▸ **PROVIDED INFORMATION**:
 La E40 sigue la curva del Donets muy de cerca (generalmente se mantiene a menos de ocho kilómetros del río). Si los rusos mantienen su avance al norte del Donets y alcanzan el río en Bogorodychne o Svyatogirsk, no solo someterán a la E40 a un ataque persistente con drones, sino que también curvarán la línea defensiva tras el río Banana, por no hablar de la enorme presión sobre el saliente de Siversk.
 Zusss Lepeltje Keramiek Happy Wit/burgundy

==

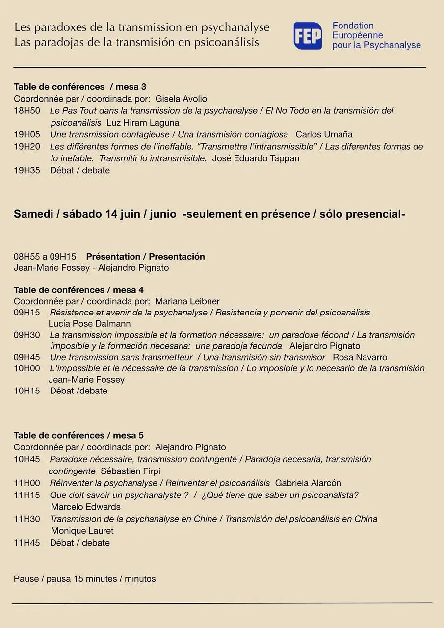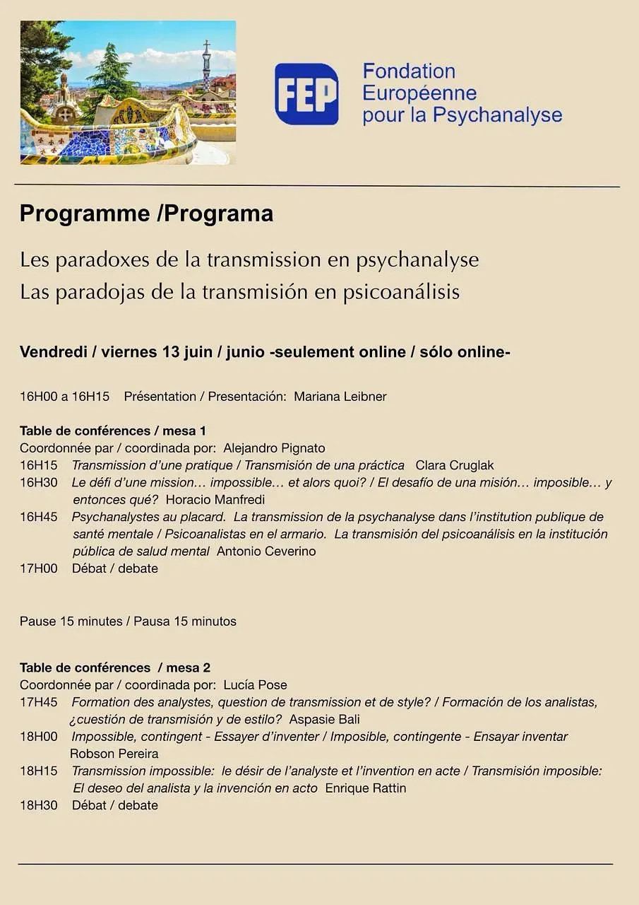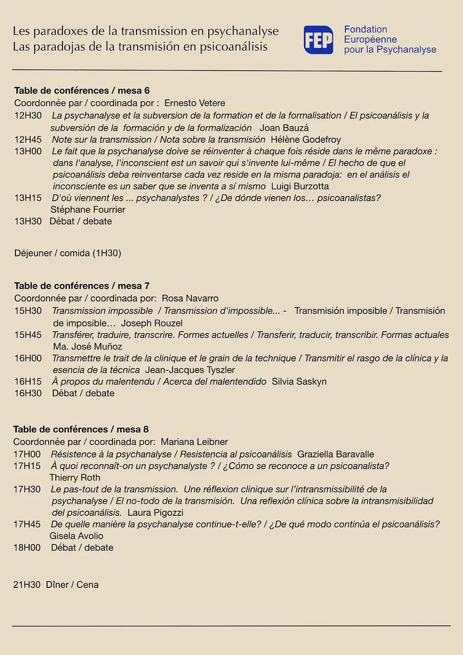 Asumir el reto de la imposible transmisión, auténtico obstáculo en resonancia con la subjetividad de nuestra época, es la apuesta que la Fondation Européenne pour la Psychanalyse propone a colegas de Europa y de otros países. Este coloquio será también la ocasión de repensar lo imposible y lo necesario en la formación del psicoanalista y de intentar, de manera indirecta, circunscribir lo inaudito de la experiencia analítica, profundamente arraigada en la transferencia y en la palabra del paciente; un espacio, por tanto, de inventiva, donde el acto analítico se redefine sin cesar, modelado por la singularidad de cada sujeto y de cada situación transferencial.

▸ **WHAT YOU NEED TO DO**:
The lines above, starting at the one with "La E40 sigue" and ending at the one with "Zusss Lepeltje Keramiek Happy Wit/burgundy", are the only ones to return, exactly as written.

▸ **THE COMPLETED TASK**:
 La E40 sigue la curva del Donets muy de cerca (generalmente se mantiene a menos de ocho kilómetros del río). Si los rusos mantienen su avance al norte del Donets y alcanzan el río en Bogorodychne o Svyatogirsk, no solo someterán a la E40 a un ataque persistente con drones, sino que también curvarán la línea defensiva tras el río Banana, por no hablar de la enorme presión sobre el saliente de Siversk.
 Zusss Lepeltje Keramiek Happy Wit/burgundy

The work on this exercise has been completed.